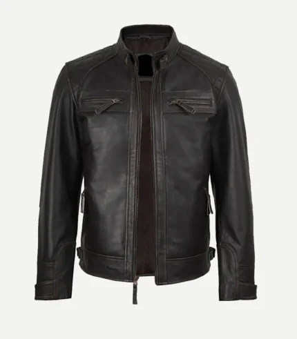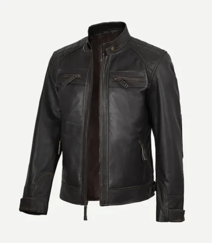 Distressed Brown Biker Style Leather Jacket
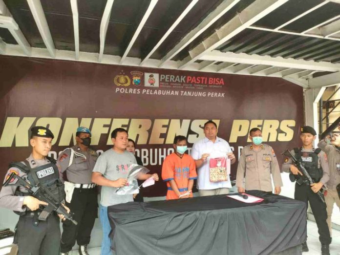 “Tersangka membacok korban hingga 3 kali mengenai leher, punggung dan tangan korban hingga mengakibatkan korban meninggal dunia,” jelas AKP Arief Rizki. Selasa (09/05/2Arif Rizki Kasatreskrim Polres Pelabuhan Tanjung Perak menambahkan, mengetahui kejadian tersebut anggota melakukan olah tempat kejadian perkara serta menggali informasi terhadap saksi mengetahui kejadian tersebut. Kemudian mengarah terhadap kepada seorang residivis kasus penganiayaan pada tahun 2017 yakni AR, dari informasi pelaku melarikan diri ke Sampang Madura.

════════════════

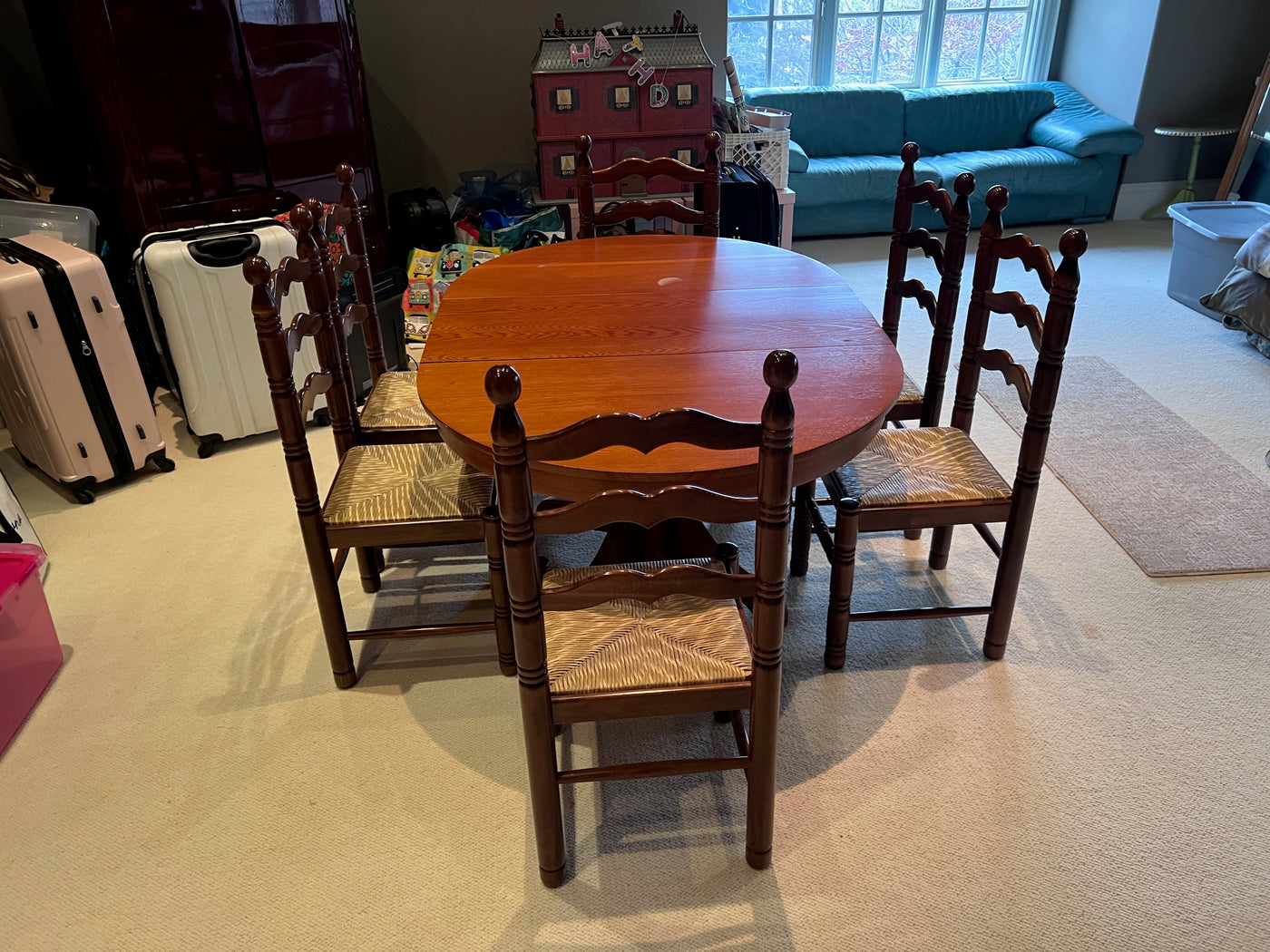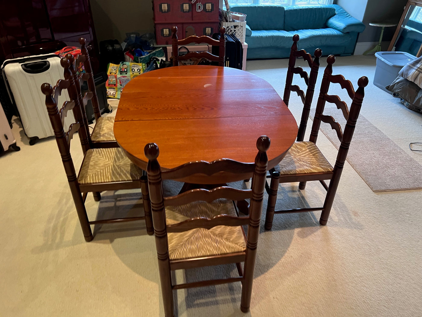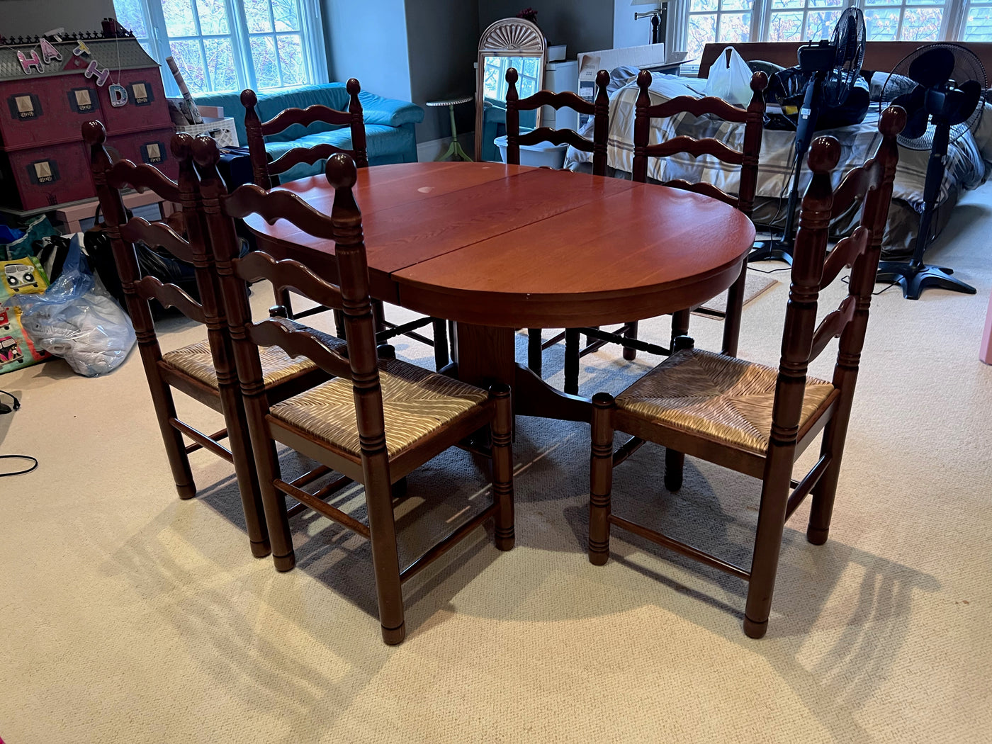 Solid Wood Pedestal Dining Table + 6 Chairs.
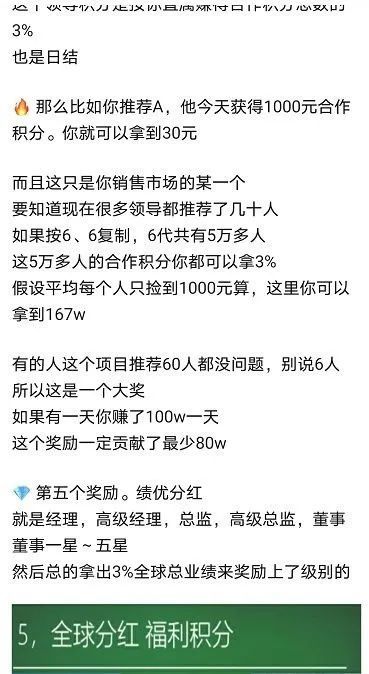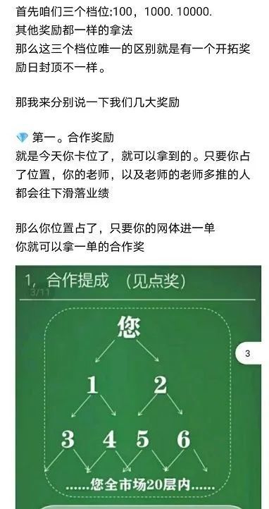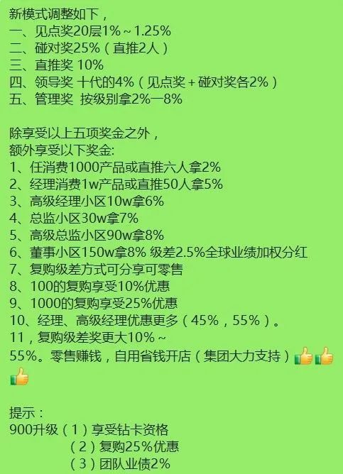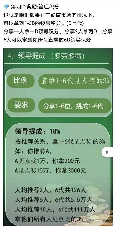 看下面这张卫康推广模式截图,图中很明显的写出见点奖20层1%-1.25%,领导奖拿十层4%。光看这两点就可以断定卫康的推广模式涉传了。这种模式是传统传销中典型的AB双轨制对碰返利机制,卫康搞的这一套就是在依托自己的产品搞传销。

════════════════

- WHAT IS REQUIRED
Go to the line above that contains "Distressed Brown Biker Style Leather Jacket" and reproduce everything exactly from there through the line that contains "ke Sampang Madura.", leaving out the pictures.

- EXERCISE RESPONSE
 Distressed Brown Biker Style Leather Jacket
 “Tersangka membacok korban hingga 3 kali mengenai leher, punggung dan tangan korban hingga mengakibatkan korban meninggal dunia,” jelas AKP Arief Rizki. Selasa (09/05/2Arif Rizki Kasatreskrim Polres Pelabuhan Tanjung Perak menambahkan, mengetahui kejadian tersebut anggota melakukan olah tempat kejadian perkara serta menggali informasi terhadap saksi mengetahui kejadian tersebut. Kemudian mengarah terhadap kepada seorang residivis kasus penganiayaan pada tahun 2017 yakni AR, dari informasi pelaku melarikan diri ke Sampang Madura.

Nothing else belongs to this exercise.